# Fluval Chi Backyard Vivarium



## jesse (Aug 11, 2011)

Had this fluval chi lying around the house and also got assigned to make a secret project for school. 
For the project we have to create something inside a box. You cant see what's in the box, only touch. 
So mine will be covered with black cloth and have a little hole to put your hand through. At the end, people will have to guess what is inside your box.

Everything I used came from outside around my house. I used small river rocks as the first layer and covered that in regular dirt from the backyard. 
I found a really cool stump with nice roots that with a little sawing fit perfectly into the tank. 
Then found random plants from around the backyard and quickly planted them.
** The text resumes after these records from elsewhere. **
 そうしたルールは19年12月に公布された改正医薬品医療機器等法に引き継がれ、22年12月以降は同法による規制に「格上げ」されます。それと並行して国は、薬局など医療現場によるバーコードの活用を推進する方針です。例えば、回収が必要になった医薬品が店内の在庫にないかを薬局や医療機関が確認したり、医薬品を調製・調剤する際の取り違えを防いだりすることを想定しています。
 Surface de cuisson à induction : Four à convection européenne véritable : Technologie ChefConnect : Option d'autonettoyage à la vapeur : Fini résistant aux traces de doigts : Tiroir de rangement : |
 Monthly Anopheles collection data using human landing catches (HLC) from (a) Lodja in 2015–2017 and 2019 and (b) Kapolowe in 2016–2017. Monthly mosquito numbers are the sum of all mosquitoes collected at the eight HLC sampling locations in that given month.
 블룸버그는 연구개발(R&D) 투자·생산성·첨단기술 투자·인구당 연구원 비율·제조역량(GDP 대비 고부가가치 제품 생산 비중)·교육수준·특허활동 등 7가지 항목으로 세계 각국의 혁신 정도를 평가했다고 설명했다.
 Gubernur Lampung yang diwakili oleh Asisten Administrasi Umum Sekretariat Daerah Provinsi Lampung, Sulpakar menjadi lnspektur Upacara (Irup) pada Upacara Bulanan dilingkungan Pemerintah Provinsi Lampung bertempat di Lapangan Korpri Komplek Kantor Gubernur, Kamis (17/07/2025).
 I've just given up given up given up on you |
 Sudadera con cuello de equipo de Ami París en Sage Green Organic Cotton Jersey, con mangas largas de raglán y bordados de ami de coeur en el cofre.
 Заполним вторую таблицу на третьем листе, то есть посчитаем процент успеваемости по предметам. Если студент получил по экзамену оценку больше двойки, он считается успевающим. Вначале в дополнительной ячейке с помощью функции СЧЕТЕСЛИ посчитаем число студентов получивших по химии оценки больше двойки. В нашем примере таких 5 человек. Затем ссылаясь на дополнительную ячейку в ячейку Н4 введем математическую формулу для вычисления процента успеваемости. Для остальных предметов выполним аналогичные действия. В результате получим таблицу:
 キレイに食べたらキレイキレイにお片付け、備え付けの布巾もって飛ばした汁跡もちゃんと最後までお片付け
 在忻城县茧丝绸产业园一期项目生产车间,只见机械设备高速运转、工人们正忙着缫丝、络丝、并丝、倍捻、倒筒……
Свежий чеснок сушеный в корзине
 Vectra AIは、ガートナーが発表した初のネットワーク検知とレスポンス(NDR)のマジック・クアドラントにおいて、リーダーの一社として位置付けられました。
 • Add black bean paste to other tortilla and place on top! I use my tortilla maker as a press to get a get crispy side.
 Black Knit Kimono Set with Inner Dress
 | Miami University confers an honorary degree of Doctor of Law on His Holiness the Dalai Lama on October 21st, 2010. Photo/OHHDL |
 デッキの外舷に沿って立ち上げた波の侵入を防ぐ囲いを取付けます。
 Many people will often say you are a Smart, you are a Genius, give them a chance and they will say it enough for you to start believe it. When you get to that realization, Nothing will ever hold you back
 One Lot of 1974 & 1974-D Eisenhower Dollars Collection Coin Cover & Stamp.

Lighting is just a regular desk lamp.


----------



## Riceburner (Mar 14, 2008)

very cool....would be great to have some critters in there too.


----------



## jesse (Aug 11, 2011)

All i saw outside were the regular snails you see everywhere. Any ideas?


----------



## SourGummy (Apr 29, 2011)

ants =p.....


----------



## default (May 28, 2011)

That's so sick!


----------



## Boogerboy (Sep 23, 2008)

That's very nicely laid out for a bunch of found materials 

I'd be pretty horrified sticking my hand in there not knowing what to expect though


----------



## jesse (Aug 11, 2011)

Boogerboy said:


> That's very nicely laid out for a bunch of found materials
> 
> I'd be pretty horrified sticking my hand in there not knowing what to expect though


Gotta risk it to get the biscuit!


----------